The developed e-Pharmacophore model was used to map ligands to assess whether they possessed pharmacophoric features essential for DprE1 inhibition. In our previous work, we had found some piperidone derivatives showing good antitubercular activity. We mapped all those 25 compounds on the developed e-Pharmacophore model and found none of the compounds had even two matching features. The best compound was R7 ((3E,5E)‐3,5‐Bis(furan‐2‐ylmethylidene)‐4‐(2‐phenylhydrazinylidene)piperidine) with one match and a phase screen score of 0.245. The detailed design strategy is depicted in Fig. 3, where we found that if -NH group of piperidone ring could be substituted, it could increase the matches. As discussed in “Introduction”, benzimidazole derivatives have been reported as DprE1 inhibitors with potent antitubercular activity; hence, we added benzimidazole ring system and this indeed led to increasing in the matches of features as well as phase screen score. All the 25 derivatives were substituted with 1H-benzo[d]imidazol-2-yl)methyl group. This exercise led to an increase in the number of matches to three out of four features. N6 pharmacophoric did not match, but there was a substantial increase in the phase screen score of the compounds. We decided to synthesize all those compounds which had at least three matches and a phase screen score more than 1.60 and twelve compounds passed this test. Derivative B1, i.e. (3E,5E)-1-((1H-benzo[d]imidazol-2-yl)methyl)-3,5-bis(furan-2-ylmethylene)piperidin-4-one, showed the highest screen score of 1.84 while compound B4, i.e. 2-((3E,5E)-1-((1H-benzo[d]imidazol-2-yl)methyl)-3,5-bis(furan-2-ylmethylene)piperidin-4-ylidene)hydrazine-1-carbothioamide, showed the least screen score of 1.60. The rest of the compounds had a phase screen score between 1.84 and 1.60 as shown in Table 1.

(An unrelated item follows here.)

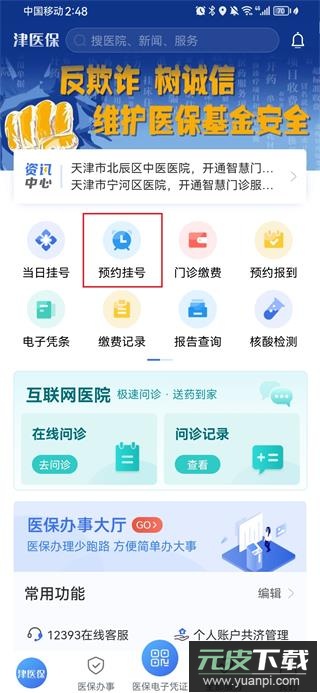 1、安装并打开应用后,在首页找到“预约挂号”入口。

Molecular docking and free binding energy calculations
Molecular docking study (XP mode) was done to understand the binding of the designed compounds with DprE1 protein. The docking protocol was validated by redocking the co-crystallized ligand at its reported binding site and then by calculating the RMS value by superimposing both the poses. As shown in Fig. 4, both poses of the co-crystallized ligand were similar to an RMS value of 0.5149.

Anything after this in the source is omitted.